Hayrat Neşriyat = Ve onlar(a baksan, mağarada) uyuyan kimseler oldukları hâlde onları uyanık sanırdın; hem onları (bir taraflarına yatıp kalmakla zarar görmemeleri için) sağ tarafa ve sol tarafa döndürüyorduk; köpekleri de (mağaranın) giriş(in)de iki kolunu (ön ayaklarını)uzatan (bir muhâfız olarak yatmakta) idi. Onlara (o hâllerinde) muttali' olsaydın (öylece görseydin), gerçekten kendilerinden (ürker ve) kaçarak geri dönerdin; hem onlardan dolayı elbette korku ile dolardın!
İbni Kesir = Onlar uykuda iken; sen, onları uyanık sanırdın. Biz, onları sağa ve sola döndürüyorduk.
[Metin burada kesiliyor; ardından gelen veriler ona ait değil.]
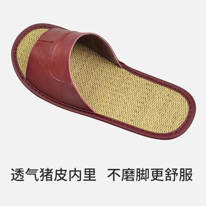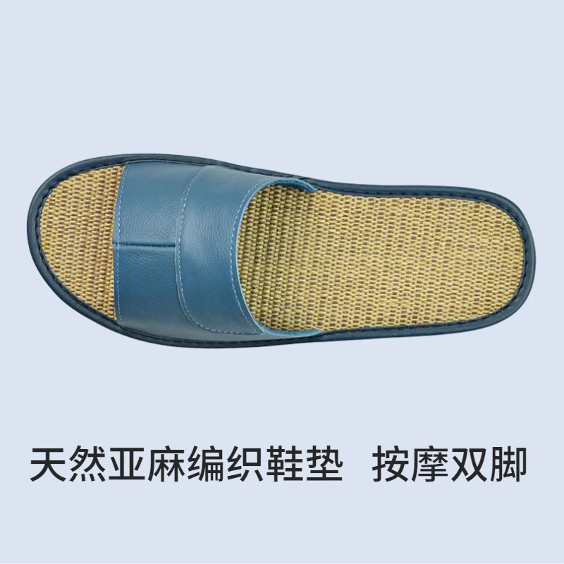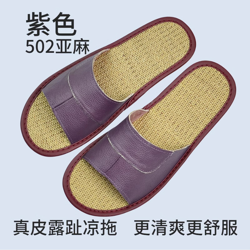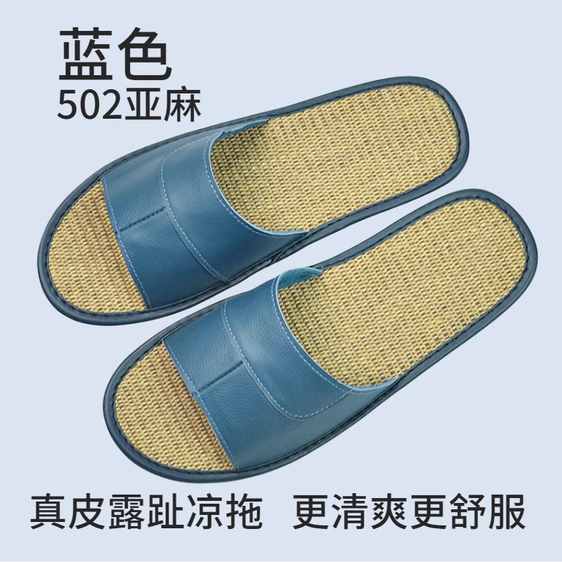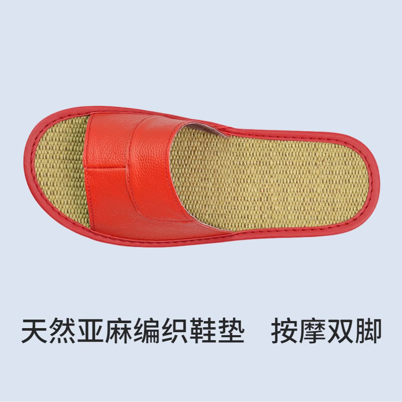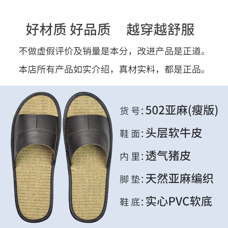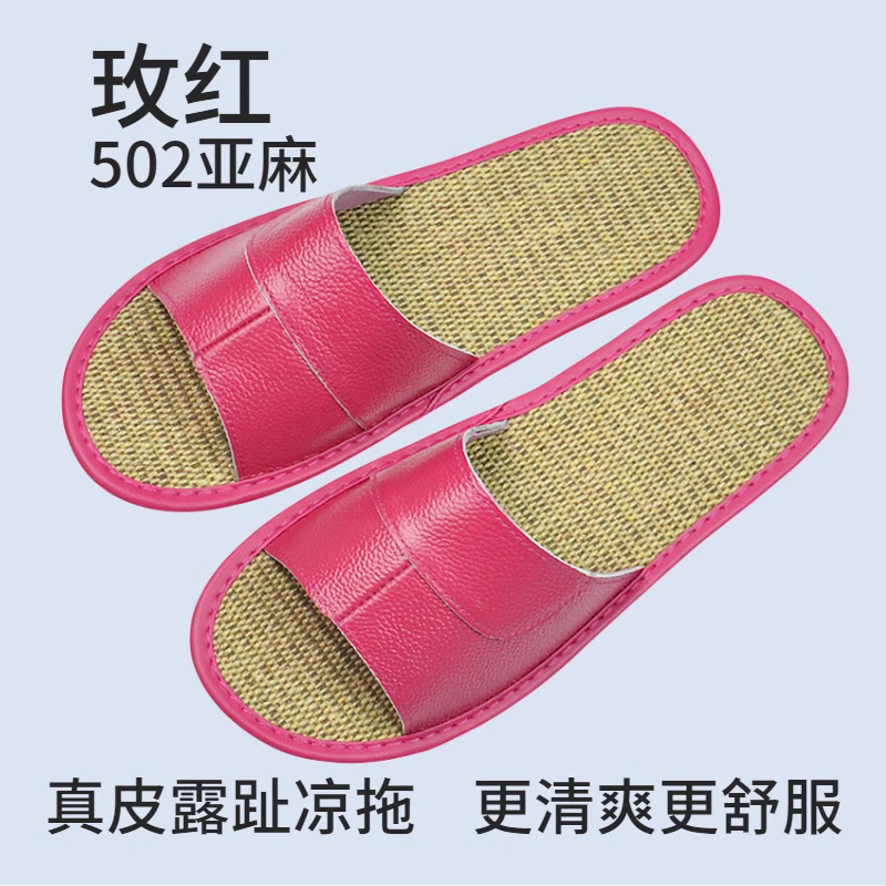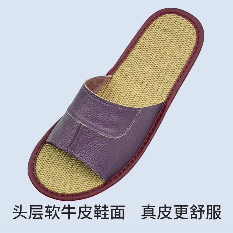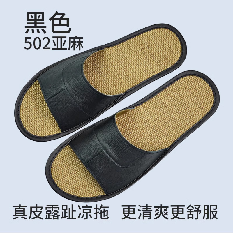 Тапочки из натуральной кожи Сандалии из первого слоя воловьей кожи и льна Тапочки на весну и лето для мужчин и женщин, домашние Нескользящие домашние с мягкой подошвой и открытым носком
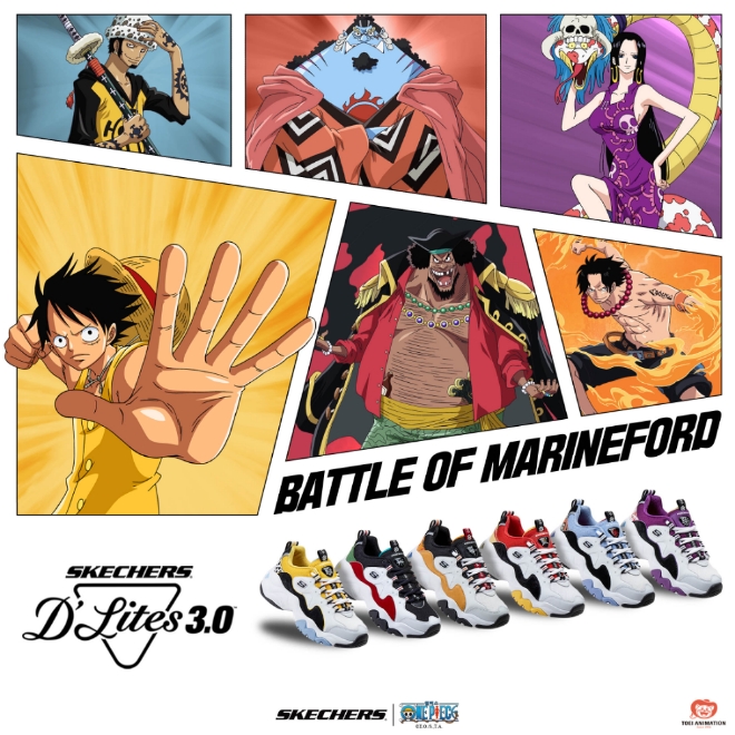 올해는 루피, 에이스, 헨콕 등 ‘원피스 덕후’라면 누구나 명장면으로 손꼽는 ‘정상 결전’ 에피소드의 인기 캐릭터 대표 컬러인 주황, 초록, 보라색 등을 딜라이트 운동화에 입혔다. 가격은 9만9000원으로 출시되는 6종 모두 동일하며 구매하는 고객에 한해 원피스 피규어 증정행사도 준비했다.

Köpekleri de dirseklerini eşiğe uzatmıştı. Onları görsen; için korkuyla dolar, geri dönüp kaçardın.
Kadri Çelik = Sen onları uyanık sanırdın, oysa onlar (derin bir uykuda) uyuyorlardı. Biz onları sağ yana ve sol yana çeviriyorduk. Onların köpekleri de iki kolunu uzatmış yatmaktaydı. Onları görmüş olsaydın, geri dönüp onlardan kaçardın, onlardan içini korku kaplardı.
Muhammed Esed = Uykuda oldukları halde sen onları uyanık sanırdın. Öyle ki, Biz onları bir sağa çeviriyorduk, bir sola; ve köpekleri de eşikte ön ayaklarını uzatıp (uyuyakalmıştı). Onlara (bu halleriyle) rastlamış olsaydın arkanı dönüp kaçardın; onlardan yana için korkuyla dolardı.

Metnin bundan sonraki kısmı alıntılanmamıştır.